### Task brief
The material below holds pictures, which are to be left out; copy exactly the lines from the one with "- Velo's router" through the one with "Royal Worcester rare".

### Provided data
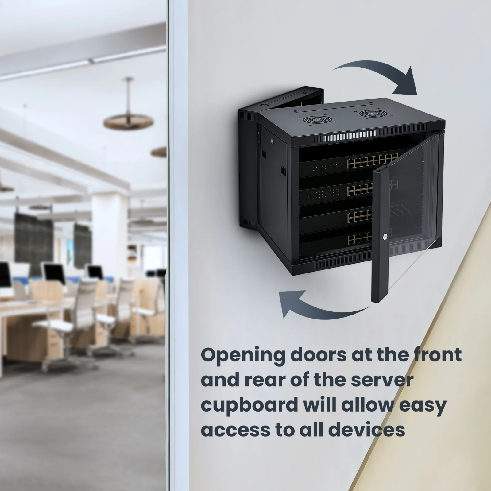 El gabinete Extralink está diseñado para el montaje en la pared en oficinas, salas de servidores de red y salas de control de instalaciones de CCTV. Las paredes exteriores son de chapa de acero laminado en frío, mientras que la puerta de entrada tiene un cristal templado que puede abrirse a la izquierda o a la derecha. La construcción de dos secciones facilita el acceso a los componentes instalados desde atrás.
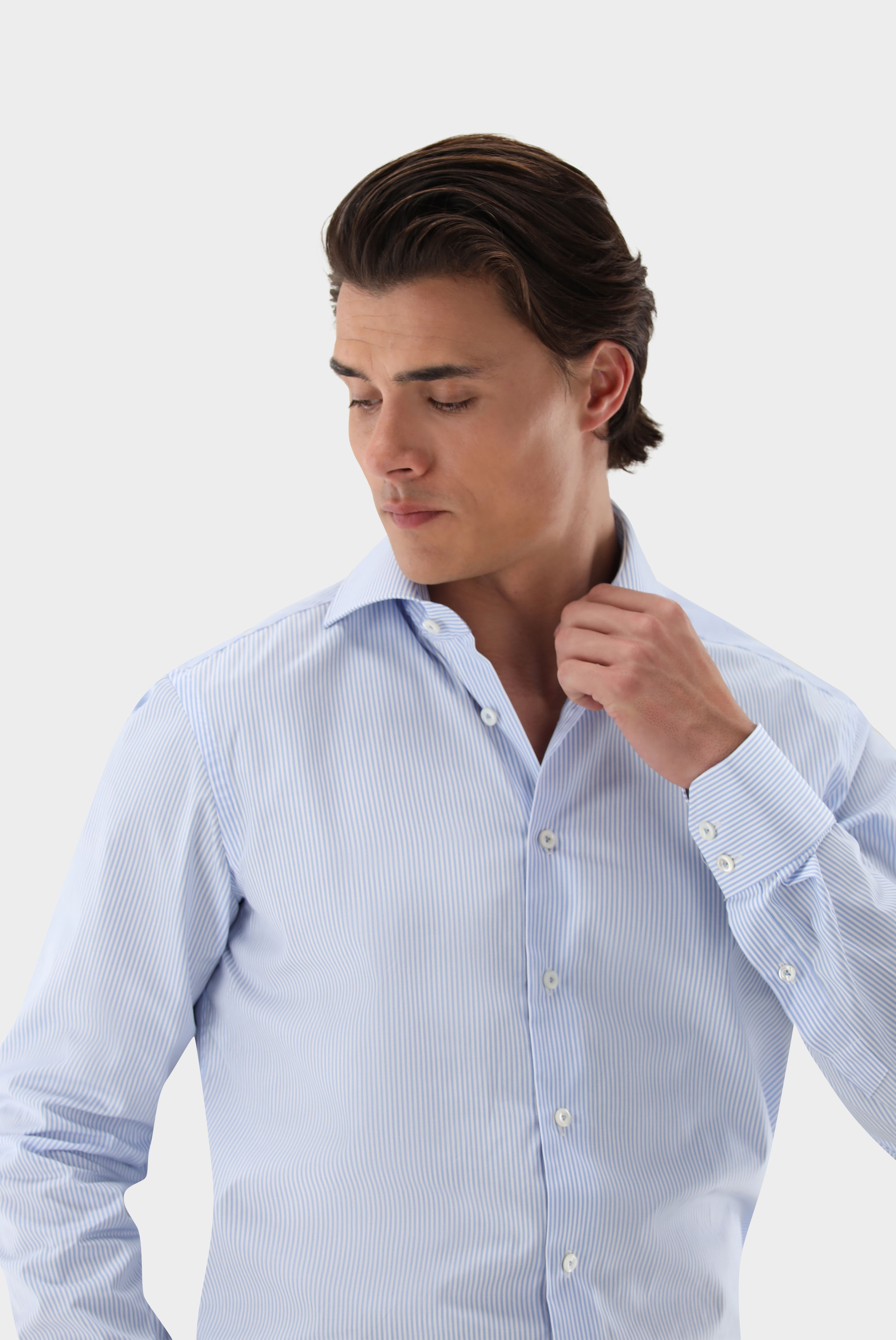 Dieses bügelfreie Popeline-Hemd erweitert Ihren Kleiderschrank um ein vielseitig einsetzbares Must-Have. Es ist ein perfekter Begleiter, der sich ideal für Freizeit, Homeoffice, Büro oder Veranstaltungen eignet und zu jeder Gelegenheit getragen werden kann. Der besonders hochwertig gewebte Popeline-Stoff besteht aus feiner Baumwolle, ist bequem zu tragen und dank seiner schräg verlaufenden Struktur sehr griffig. Im Tailor-Fit-Schnitt bietet das Business-Hemd hohen Tragekomfort. Der Haifischkragen und die Sportmanschetten setzen optische Akzente.
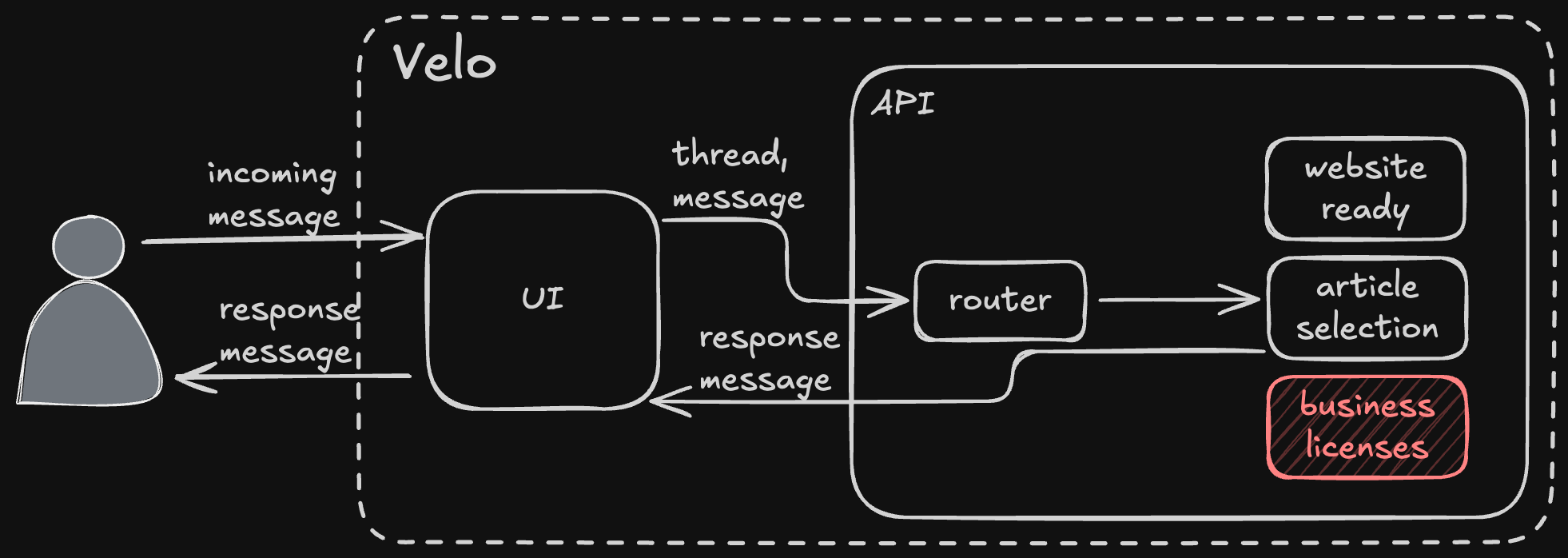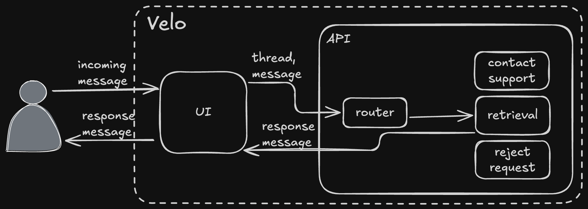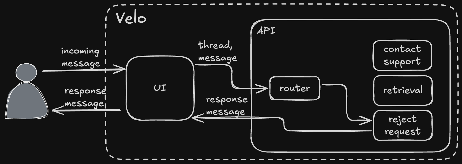 - Velo's router receives the message thread and selects an agent (via both hard rules and LLM tool calling) to answer it.
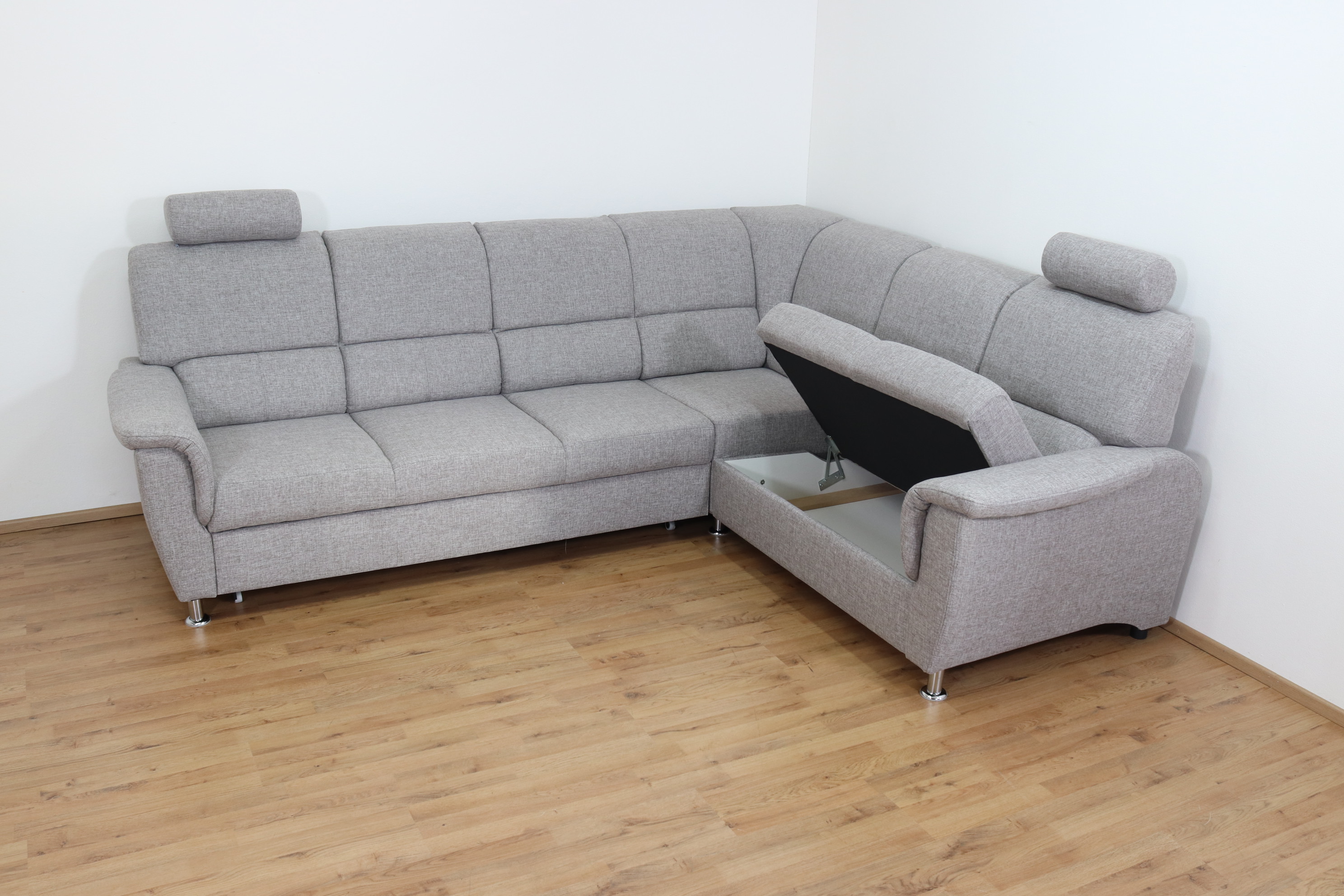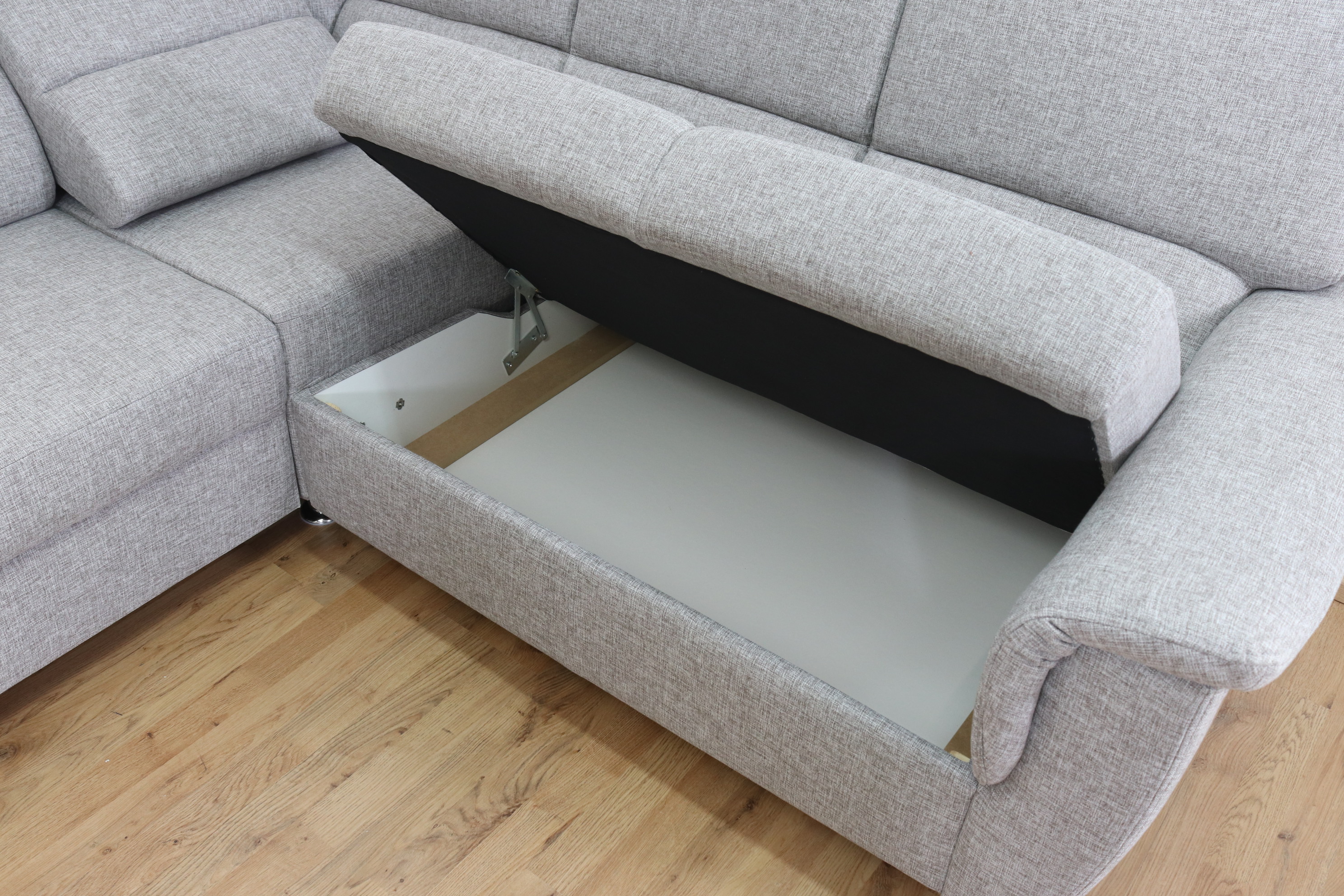 Rohová rozkládací sedací souprava s úložným prostorem a posuvnou funkcí relax Demo pravá - Světle šedá
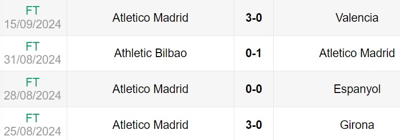 - Atletico đã không thua trong 9 trận gần đây nhất.
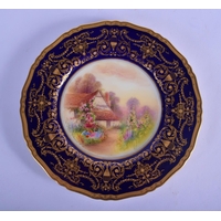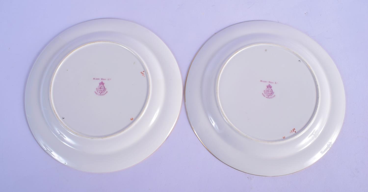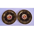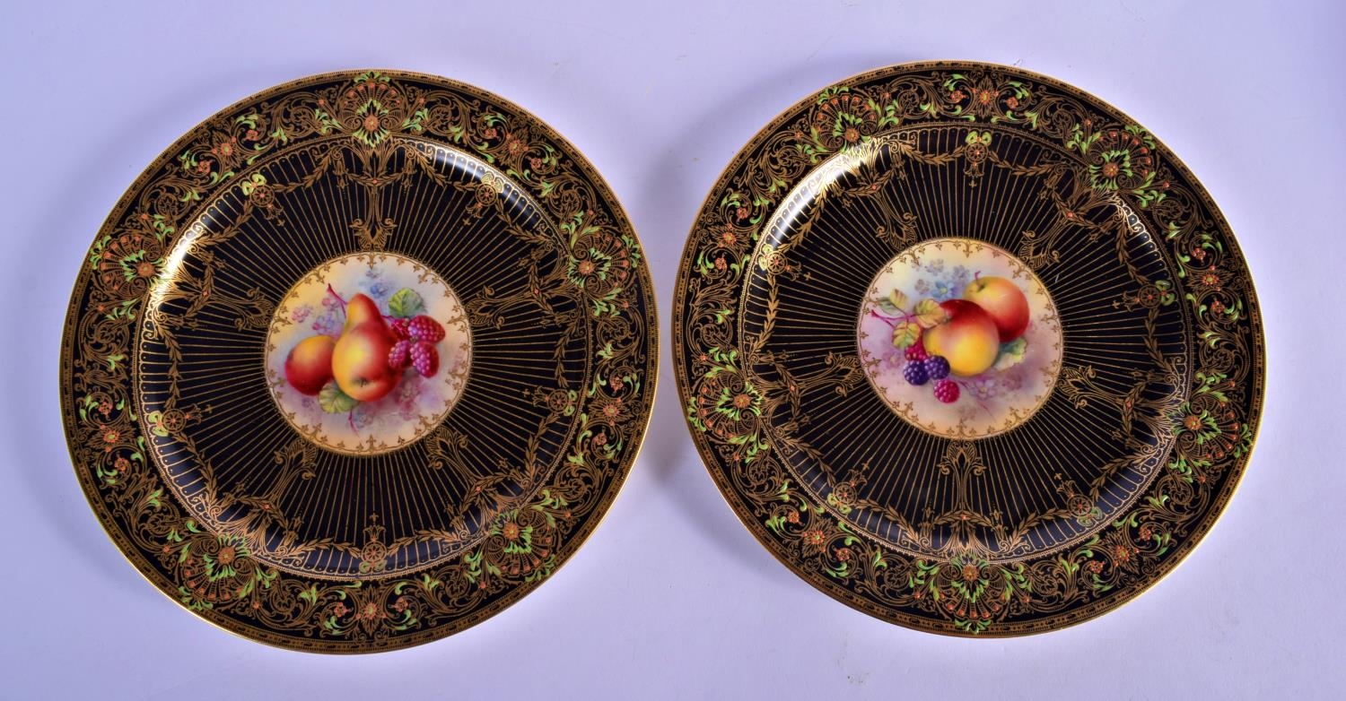 Royal Worcester rare pair of art deco style plates painted with fruit by E. Townsend, one signed, on an unusual black and gilt ground with orange and green raised enamel date code for 1926. 22cm Diameter (2)
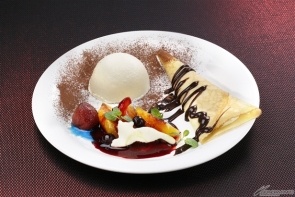 ■ A creamy layered cheesecake takes the shape of a full moon. Stacked crepes are layered like memories. Garnished with fruit.

### Exercise output
 - Velo's router receives the message thread and selects an agent (via both hard rules and LLM tool calling) to answer it.
 Rohová rozkládací sedací souprava s úložným prostorem a posuvnou funkcí relax Demo pravá - Světle šedá
 - Atletico đã không thua trong 9 trận gần đây nhất.
 Royal Worcester rare pair of art deco style plates painted with fruit by E. Townsend, one signed, on an unusual black and gilt ground with orange and green raised enamel date code for 1926. 22cm Diameter (2)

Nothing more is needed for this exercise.